Task to complete –
Quote the listing below in full and exactly as written, but omit every picture.

Collected material –

====

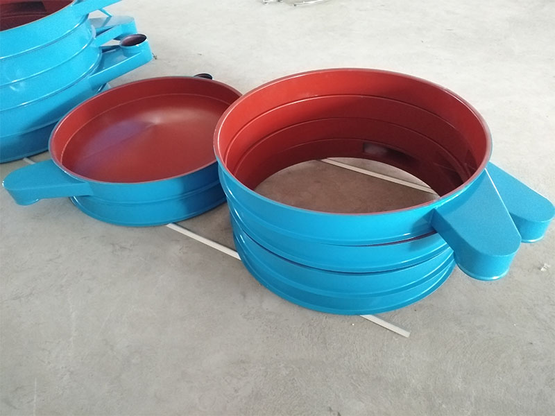 旋振篩中框是旋振篩不可缺少的部分,主要起密封、收集物料及排料的作用,除防粉塵溢散及保護物料受外界污染,使整個生產(chǎn)在封閉條件下進行外,還可以收集物料并把該層篩網(wǎng)的篩上物從出料口中排出,其材質(zhì)主要有不銹鋼和普通碳鋼。同時我們針對難篩物料及篩上物少等特殊情況,設(shè)計出閘門型中框,是在中框的出料口處增加了拉桿式閘門,在生產(chǎn)過程中可以根據(jù)物料篩分情況進行定時放料,提高透網(wǎng)率,可以根據(jù)客戶需要在上蓋上開觀察孔,保證在生產(chǎn)的過程中隨時觀察物料運行情況;此外我公司還可以根據(jù)用戶需要進行特殊設(shè)計。
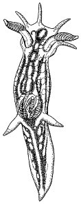 Hörnchenschnecken, Polyceridae, Familieder Hinterkiemer (Ordnung Doridacea), marine Nacktkiemer mit langem, schmalem, hohem Körper, dessen Rücken hörnchenartige Fortsätze trägt. Von den 8 Gattungen ist Polycera die weitestverbreitete. Die Gestreiften Hörnchenschnecken (Polycera quadrilineata; ö vgl. Abb. ) werden ca. 3 cm lang; am Kopf inserieren 4 spitze Anhänge; die Tiere sind grau mit orangen Flecken, doch sehr variabel; sie leben an Seegras und Tangen und ernähren sich von Moostierchen; nachgewiesen sind sie in Ostatlantik, Mittelmeer und Nordsee.
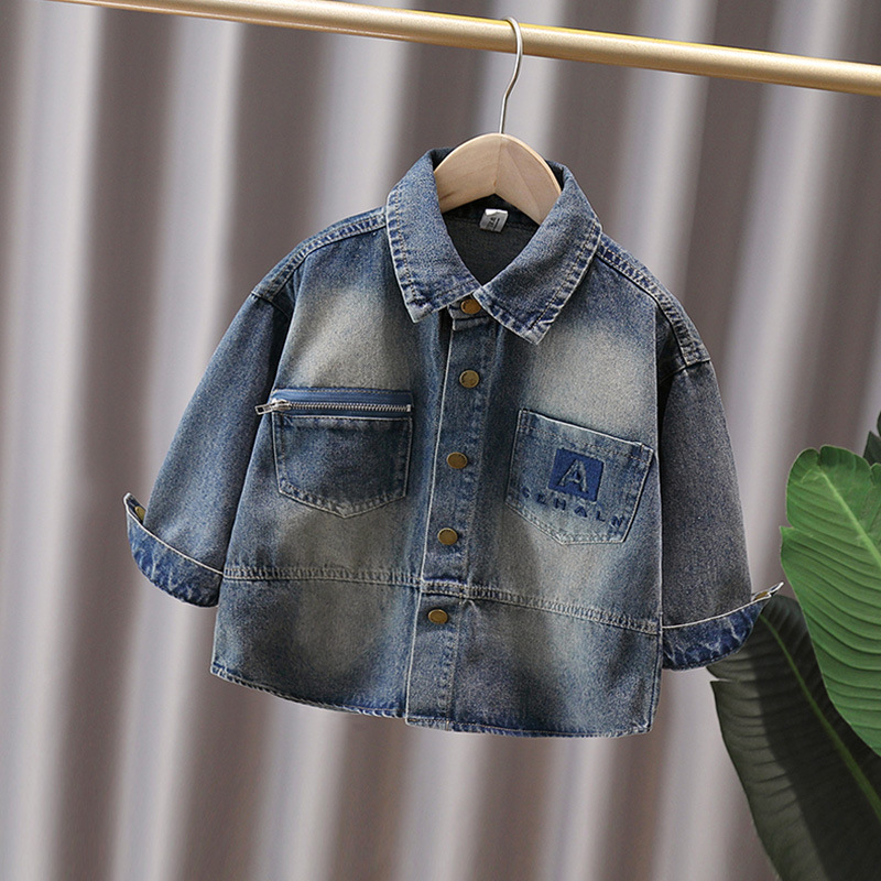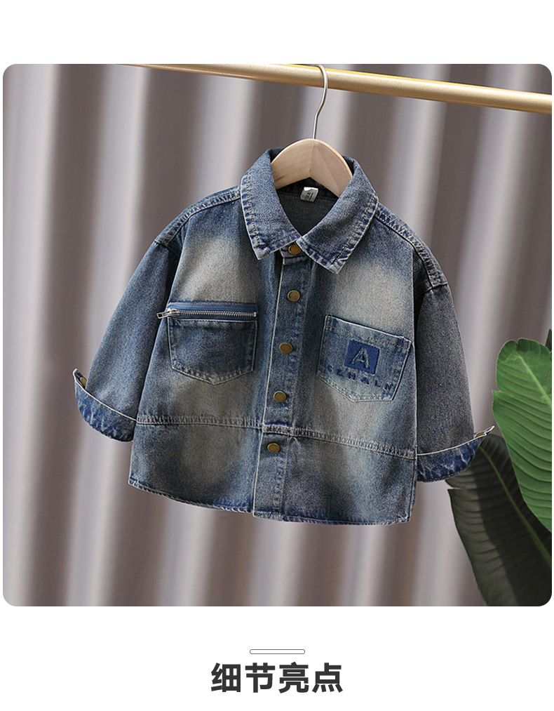 소년 데님 셔츠 코트 2024 새로운 스티칭 유미 잘 생긴 서양식 어린이 자켓 아기 소년 한국 스타일스토어 가기

====

Reply to the exercise –
 旋振篩中框是旋振篩不可缺少的部分,主要起密封、收集物料及排料的作用,除防粉塵溢散及保護物料受外界污染,使整個生產(chǎn)在封閉條件下進行外,還可以收集物料并把該層篩網(wǎng)的篩上物從出料口中排出,其材質(zhì)主要有不銹鋼和普通碳鋼。同時我們針對難篩物料及篩上物少等特殊情況,設(shè)計出閘門型中框,是在中框的出料口處增加了拉桿式閘門,在生產(chǎn)過程中可以根據(jù)物料篩分情況進行定時放料,提高透網(wǎng)率,可以根據(jù)客戶需要在上蓋上開觀察孔,保證在生產(chǎn)的過程中隨時觀察物料運行情況;此外我公司還可以根據(jù)用戶需要進行特殊設(shè)計。
 Hörnchenschnecken, Polyceridae, Familieder Hinterkiemer (Ordnung Doridacea), marine Nacktkiemer mit langem, schmalem, hohem Körper, dessen Rücken hörnchenartige Fortsätze trägt. Von den 8 Gattungen ist Polycera die weitestverbreitete. Die Gestreiften Hörnchenschnecken (Polycera quadrilineata; ö vgl. Abb. ) werden ca. 3 cm lang; am Kopf inserieren 4 spitze Anhänge; die Tiere sind grau mit orangen Flecken, doch sehr variabel; sie leben an Seegras und Tangen und ernähren sich von Moostierchen; nachgewiesen sind sie in Ostatlantik, Mittelmeer und Nordsee.
 소년 데님 셔츠 코트 2024 새로운 스티칭 유미 잘 생긴 서양식 어린이 자켓 아기 소년 한국 스타일스토어 가기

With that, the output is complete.